What Tyndall had done in his basement laboratory was to provide the explanation for the greenhouse effect, for how climate worked, and for how, in his words, “every variation” of the constituents of the atmosphere “must produce a change of climate.” He gave particular credit to Saussure and Fourier. Here also was a confirmation for Louis Agassiz’s theory of the Ice Age. For variations in the balance of gases in the atmosphere “may have produced all the mutations of climate which the researches of geologists reveal.”

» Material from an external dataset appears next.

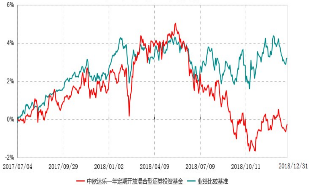
中欧达乐一年定期开放混合型证券投资基金累计净值增长率与业绩比较基准收益率历史走势对比图 (2017年07月04日-2018年12月31日)

注：本基金基金合同生效日期为2017年7月4日，按基金合同的规定，本基金自基金合同生效起六个月为建仓期，建仓期结束时各项资产配置比例已达到基金合同约定。

Tyndall went on to make other important contributions to science and gained great renown. Until late in life, he would also regularly return to Switzerland to take in the glaciers and climb the peaks. After a life as a mountaineer, undertaking many dangerous and daring mountain expeditions, including a number of near fatal accidents, Tyndall died in 1893, at age 73, under more prosaic circumstances. His wife had accidentally administered an overdose of sleep nostrum to relieve his intolerable insomnia. As he slipped away, he murmured, “My poor darling, you have killed your John.”8
ARRHENIUS: THE GREAT BENEFIT OF A WARMING CLIMATE
The year after Tyndall’s death, in 1894, a Swedish chemist named Svante Arrhenius picked up the story. Arrhenius was curious as to what effects increasing or decreasing levels of carbon dioxide—or carbonic acid, as it was called at the time—would have on the climate. He too wanted to weigh in on the mechanisms of the ice ages, the advance and retreat of glaciers, and what he called “some points in geological climatology.”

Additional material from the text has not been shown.